* Description of the task *
Range to reproduce from the entries below: the line with "- Etage principale", the line with "Haut en velours", and every line in between. Give them exactly and give nothing else.

================================

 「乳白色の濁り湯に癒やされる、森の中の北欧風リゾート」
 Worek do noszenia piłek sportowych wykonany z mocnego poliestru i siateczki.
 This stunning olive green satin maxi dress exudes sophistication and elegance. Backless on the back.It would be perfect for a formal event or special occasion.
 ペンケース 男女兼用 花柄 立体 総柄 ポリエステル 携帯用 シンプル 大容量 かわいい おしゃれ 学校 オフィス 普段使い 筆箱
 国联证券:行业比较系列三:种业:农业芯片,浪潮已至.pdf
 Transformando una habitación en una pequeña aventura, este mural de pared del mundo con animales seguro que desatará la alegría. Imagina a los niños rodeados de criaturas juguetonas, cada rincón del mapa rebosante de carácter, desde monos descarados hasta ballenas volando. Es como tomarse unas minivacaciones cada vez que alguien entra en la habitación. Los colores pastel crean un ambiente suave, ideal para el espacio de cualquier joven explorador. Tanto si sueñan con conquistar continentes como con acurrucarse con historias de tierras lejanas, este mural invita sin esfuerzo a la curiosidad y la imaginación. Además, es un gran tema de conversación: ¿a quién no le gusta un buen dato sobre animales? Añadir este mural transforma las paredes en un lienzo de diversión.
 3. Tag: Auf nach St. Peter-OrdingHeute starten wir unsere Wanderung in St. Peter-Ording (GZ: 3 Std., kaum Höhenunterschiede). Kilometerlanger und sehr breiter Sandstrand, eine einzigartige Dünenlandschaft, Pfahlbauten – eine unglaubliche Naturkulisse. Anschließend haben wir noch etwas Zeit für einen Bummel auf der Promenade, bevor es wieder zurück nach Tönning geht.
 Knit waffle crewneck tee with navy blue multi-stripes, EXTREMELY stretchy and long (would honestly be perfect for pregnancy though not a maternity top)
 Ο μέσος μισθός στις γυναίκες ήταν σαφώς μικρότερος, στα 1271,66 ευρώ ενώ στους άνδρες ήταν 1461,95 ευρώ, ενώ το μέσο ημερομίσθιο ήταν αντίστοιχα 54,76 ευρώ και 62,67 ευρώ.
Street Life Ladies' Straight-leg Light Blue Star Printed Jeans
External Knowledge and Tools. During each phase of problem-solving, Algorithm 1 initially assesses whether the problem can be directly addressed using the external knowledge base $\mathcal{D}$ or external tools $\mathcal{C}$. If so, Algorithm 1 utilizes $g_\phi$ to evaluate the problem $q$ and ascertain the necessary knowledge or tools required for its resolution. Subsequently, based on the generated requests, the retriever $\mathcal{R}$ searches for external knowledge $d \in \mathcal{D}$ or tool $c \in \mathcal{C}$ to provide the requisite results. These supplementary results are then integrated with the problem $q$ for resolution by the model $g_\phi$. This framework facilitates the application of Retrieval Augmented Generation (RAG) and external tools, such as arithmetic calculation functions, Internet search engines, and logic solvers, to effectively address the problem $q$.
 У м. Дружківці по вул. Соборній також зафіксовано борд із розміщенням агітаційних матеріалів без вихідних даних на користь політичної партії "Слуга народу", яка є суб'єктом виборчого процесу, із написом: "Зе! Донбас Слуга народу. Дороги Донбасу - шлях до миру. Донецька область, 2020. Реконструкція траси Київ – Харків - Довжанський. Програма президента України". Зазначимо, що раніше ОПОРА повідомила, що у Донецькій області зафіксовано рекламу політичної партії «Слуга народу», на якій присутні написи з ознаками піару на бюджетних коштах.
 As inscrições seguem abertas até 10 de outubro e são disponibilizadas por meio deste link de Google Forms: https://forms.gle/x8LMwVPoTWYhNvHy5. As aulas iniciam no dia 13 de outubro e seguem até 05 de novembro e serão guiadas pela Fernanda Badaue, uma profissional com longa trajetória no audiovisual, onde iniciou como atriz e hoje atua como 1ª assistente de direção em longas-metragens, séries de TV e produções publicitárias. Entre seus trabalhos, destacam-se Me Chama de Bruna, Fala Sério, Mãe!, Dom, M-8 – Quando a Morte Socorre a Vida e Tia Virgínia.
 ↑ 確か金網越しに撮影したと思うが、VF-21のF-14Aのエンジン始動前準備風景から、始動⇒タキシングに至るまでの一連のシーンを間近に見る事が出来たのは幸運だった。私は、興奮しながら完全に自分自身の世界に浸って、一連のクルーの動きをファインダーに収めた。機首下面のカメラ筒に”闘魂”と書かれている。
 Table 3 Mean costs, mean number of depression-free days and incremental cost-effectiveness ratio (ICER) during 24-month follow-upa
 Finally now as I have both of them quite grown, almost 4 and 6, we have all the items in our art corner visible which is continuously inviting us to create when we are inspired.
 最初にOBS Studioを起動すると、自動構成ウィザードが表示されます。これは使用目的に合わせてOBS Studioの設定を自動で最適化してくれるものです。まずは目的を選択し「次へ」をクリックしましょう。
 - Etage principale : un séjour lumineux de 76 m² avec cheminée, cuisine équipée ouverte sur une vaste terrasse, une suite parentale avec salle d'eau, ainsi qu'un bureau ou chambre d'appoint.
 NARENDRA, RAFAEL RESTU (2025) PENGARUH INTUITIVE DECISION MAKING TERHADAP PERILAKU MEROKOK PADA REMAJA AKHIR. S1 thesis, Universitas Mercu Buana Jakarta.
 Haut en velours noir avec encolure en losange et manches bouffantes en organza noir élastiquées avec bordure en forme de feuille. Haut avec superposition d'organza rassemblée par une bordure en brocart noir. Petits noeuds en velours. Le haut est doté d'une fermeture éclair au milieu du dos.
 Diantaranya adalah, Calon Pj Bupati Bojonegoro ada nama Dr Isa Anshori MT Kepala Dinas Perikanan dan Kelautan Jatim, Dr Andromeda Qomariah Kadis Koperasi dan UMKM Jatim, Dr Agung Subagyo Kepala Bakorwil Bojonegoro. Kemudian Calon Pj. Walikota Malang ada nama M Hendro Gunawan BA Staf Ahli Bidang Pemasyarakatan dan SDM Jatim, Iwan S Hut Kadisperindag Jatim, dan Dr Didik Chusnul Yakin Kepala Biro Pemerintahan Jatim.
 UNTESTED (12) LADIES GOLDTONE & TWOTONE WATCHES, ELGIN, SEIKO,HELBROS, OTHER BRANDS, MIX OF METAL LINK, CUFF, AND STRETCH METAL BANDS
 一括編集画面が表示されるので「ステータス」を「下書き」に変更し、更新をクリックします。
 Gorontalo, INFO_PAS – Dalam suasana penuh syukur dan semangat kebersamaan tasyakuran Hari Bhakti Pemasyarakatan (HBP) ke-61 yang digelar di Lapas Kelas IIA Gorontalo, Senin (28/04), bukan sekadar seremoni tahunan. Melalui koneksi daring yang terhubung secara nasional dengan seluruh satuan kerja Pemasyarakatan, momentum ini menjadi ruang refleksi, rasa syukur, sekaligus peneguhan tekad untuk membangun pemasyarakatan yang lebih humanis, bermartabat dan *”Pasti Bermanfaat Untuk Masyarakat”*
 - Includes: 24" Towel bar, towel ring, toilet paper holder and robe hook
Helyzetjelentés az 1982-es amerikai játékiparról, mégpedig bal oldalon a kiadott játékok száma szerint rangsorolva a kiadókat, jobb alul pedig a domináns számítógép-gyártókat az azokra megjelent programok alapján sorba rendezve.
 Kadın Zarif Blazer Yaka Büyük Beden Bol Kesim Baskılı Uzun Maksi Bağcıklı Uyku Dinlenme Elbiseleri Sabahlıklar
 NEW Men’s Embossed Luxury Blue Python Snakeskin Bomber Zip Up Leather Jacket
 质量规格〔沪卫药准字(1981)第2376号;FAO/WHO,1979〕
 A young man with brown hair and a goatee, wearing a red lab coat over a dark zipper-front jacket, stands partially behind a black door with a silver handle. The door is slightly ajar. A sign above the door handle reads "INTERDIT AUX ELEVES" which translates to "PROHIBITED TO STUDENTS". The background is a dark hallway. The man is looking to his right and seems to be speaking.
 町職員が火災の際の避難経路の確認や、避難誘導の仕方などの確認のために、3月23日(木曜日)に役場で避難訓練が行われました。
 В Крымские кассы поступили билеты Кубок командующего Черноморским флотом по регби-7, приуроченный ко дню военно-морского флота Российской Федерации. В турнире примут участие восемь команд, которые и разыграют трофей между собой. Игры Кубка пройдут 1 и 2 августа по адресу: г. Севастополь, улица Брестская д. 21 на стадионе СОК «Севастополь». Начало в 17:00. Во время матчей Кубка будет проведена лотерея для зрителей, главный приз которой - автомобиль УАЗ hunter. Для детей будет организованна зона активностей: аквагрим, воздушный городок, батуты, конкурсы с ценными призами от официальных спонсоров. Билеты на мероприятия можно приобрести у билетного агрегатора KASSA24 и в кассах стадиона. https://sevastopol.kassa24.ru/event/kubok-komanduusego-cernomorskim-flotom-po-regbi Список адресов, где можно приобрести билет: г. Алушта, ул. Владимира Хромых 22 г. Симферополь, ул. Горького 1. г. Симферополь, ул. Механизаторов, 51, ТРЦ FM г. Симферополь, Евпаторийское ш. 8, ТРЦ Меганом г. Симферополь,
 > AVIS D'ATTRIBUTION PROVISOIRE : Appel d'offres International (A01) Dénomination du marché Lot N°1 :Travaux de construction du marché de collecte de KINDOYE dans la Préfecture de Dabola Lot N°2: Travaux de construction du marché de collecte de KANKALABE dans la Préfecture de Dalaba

================================

* Task answer *
 - Etage principale : un séjour lumineux de 76 m² avec cheminée, cuisine équipée ouverte sur une vaste terrasse, une suite parentale avec salle d'eau, ainsi qu'un bureau ou chambre d'appoint.
 NARENDRA, RAFAEL RESTU (2025) PENGARUH INTUITIVE DECISION MAKING TERHADAP PERILAKU MEROKOK PADA REMAJA AKHIR. S1 thesis, Universitas Mercu Buana Jakarta.
 Haut en velours noir avec encolure en losange et manches bouffantes en organza noir élastiquées avec bordure en forme de feuille. Haut avec superposition d'organza rassemblée par une bordure en brocart noir. Petits noeuds en velours. Le haut est doté d'une fermeture éclair au milieu du dos.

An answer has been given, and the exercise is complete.